:: What the exercise asks ::
For this exercise, an exact copy is needed of only the lines from the one containing "瞄准地面的军事基地,直接使用火炮攻击并取得最终胜利。" through the end of the data, with pictures left out.

[Supplied information Boundary: Start]

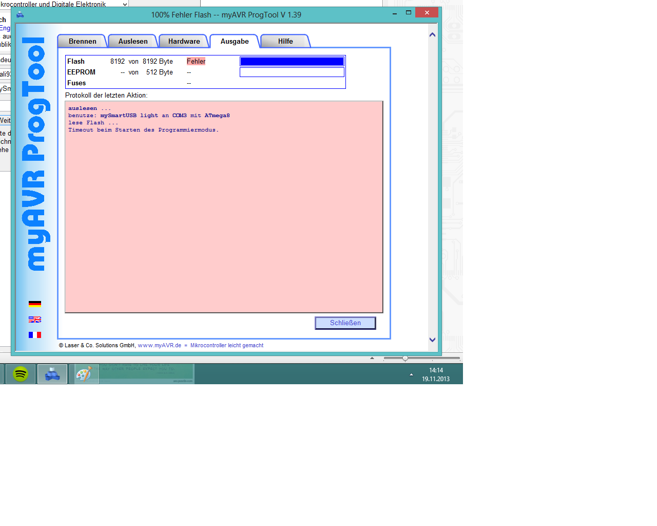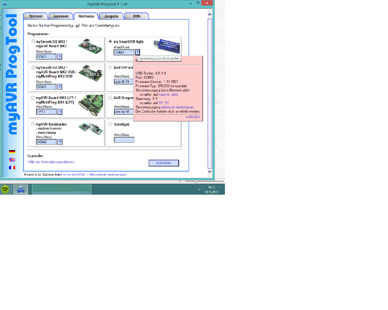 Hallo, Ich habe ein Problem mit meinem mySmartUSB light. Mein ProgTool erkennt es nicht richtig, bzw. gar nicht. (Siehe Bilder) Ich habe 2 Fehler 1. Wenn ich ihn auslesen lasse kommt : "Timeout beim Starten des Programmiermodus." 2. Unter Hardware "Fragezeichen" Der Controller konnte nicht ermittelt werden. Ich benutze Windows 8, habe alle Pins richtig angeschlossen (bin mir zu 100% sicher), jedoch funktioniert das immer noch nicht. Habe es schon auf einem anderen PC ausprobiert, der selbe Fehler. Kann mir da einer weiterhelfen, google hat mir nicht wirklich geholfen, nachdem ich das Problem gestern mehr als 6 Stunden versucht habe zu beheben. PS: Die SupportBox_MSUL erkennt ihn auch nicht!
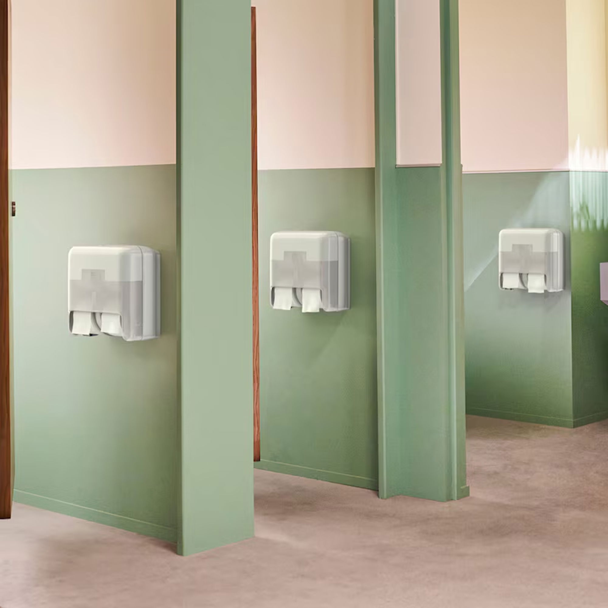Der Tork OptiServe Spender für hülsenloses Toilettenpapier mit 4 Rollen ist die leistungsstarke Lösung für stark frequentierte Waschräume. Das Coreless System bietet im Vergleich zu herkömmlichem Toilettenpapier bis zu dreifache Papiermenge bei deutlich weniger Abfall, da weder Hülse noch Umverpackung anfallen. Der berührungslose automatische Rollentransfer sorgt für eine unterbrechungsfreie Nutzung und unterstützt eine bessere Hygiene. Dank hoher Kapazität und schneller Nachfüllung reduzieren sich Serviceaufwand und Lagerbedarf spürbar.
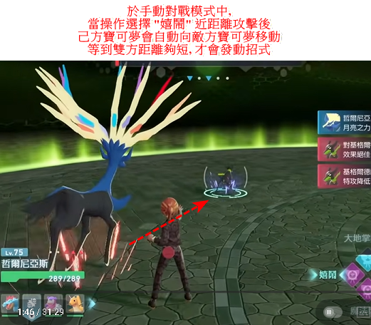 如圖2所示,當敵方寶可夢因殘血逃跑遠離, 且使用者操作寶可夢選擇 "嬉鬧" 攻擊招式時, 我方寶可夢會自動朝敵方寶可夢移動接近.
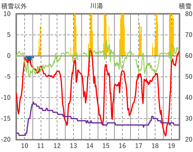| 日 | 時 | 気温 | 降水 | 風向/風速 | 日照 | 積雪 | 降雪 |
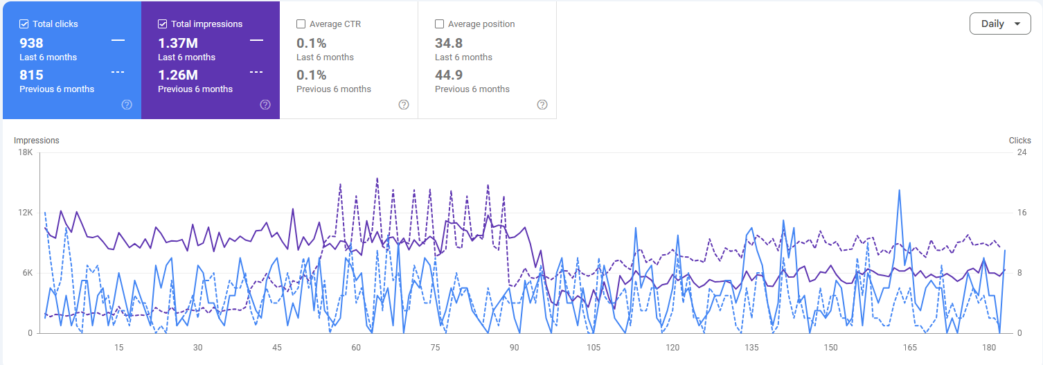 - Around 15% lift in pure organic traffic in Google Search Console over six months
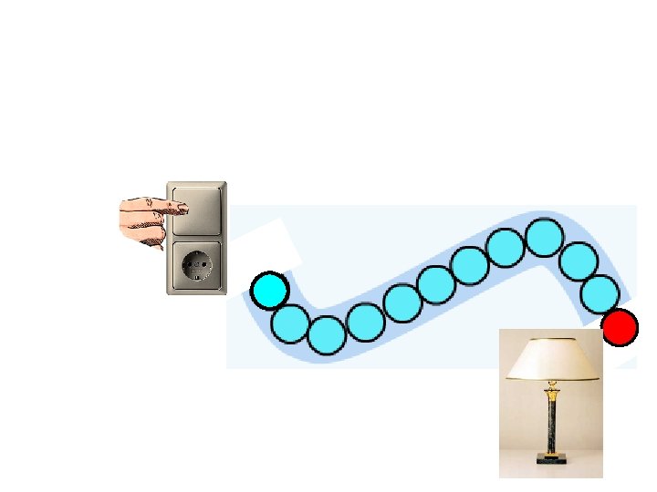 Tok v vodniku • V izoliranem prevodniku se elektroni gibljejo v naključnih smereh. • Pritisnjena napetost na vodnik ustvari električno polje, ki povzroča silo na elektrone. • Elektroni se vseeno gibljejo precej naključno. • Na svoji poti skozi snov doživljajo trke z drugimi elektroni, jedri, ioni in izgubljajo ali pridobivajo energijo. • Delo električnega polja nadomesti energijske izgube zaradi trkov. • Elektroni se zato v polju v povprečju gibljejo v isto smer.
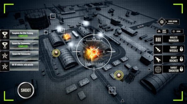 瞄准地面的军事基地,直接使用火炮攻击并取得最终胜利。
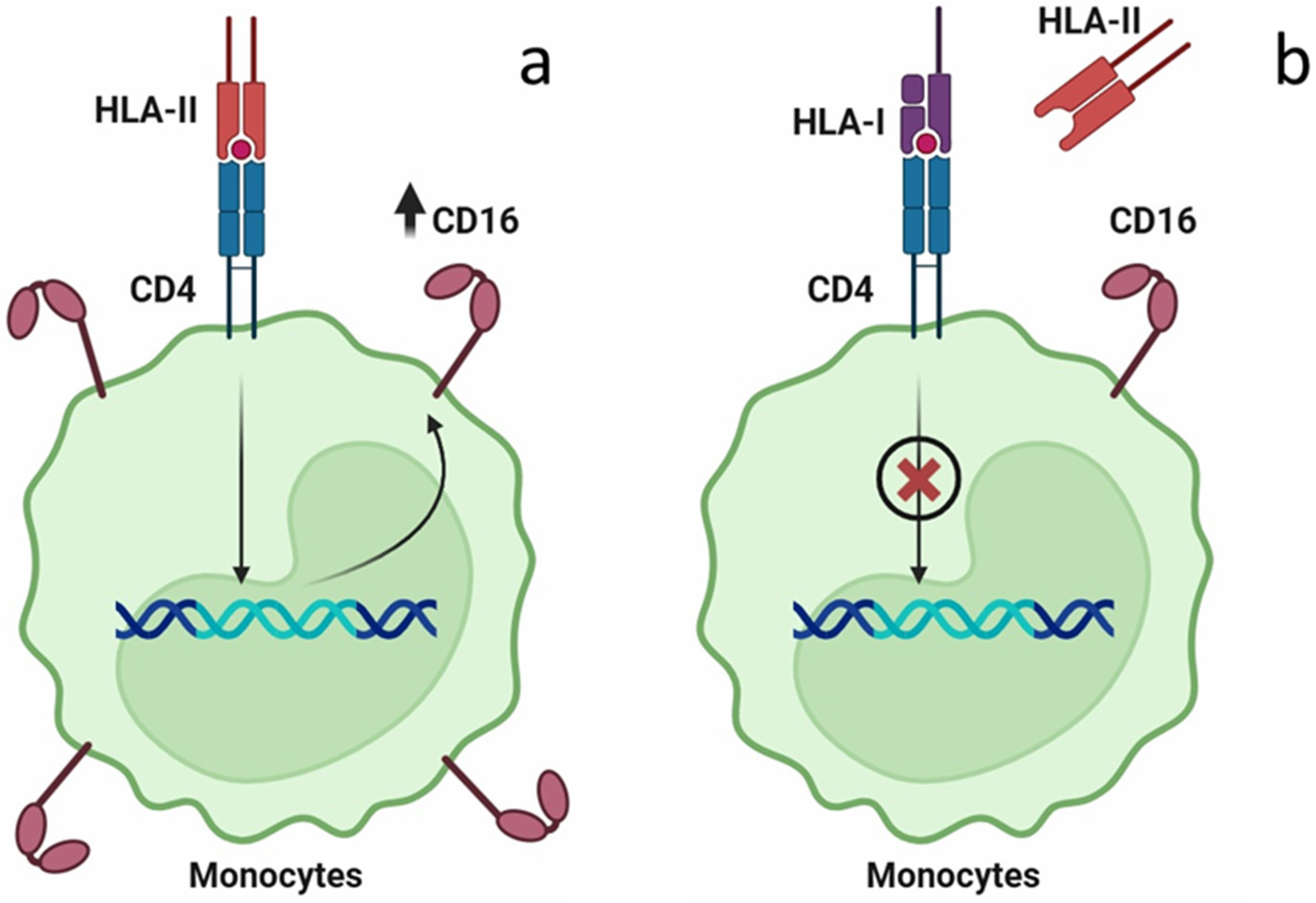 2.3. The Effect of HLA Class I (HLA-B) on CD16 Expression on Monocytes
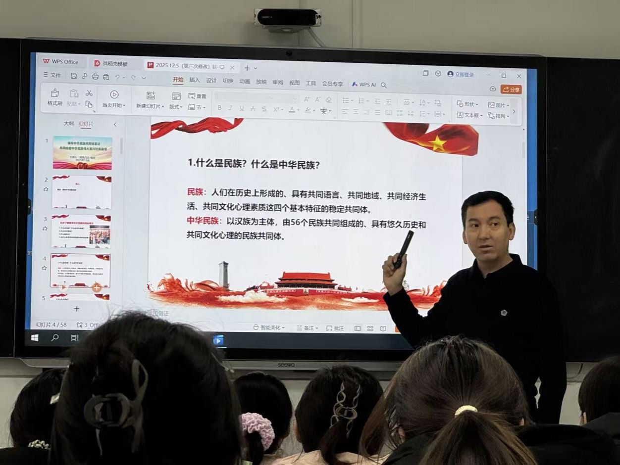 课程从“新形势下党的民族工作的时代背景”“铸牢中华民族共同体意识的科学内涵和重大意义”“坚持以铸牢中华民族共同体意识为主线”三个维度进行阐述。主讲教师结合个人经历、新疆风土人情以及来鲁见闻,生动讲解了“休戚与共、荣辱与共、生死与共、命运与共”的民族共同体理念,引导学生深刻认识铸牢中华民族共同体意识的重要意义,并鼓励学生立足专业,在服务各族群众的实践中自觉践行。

[Supplied information Boundary: End]

:: Result of the task ::
 瞄准地面的军事基地,直接使用火炮攻击并取得最终胜利。
 2.3. The Effect of HLA Class I (HLA-B) on CD16 Expression on Monocytes
 课程从“新形势下党的民族工作的时代背景”“铸牢中华民族共同体意识的科学内涵和重大意义”“坚持以铸牢中华民族共同体意识为主线”三个维度进行阐述。主讲教师结合个人经历、新疆风土人情以及来鲁见闻,生动讲解了“休戚与共、荣辱与共、生死与共、命运与共”的民族共同体理念,引导学生深刻认识铸牢中华民族共同体意识的重要意义,并鼓励学生立足专业,在服务各族群众的实践中自觉践行。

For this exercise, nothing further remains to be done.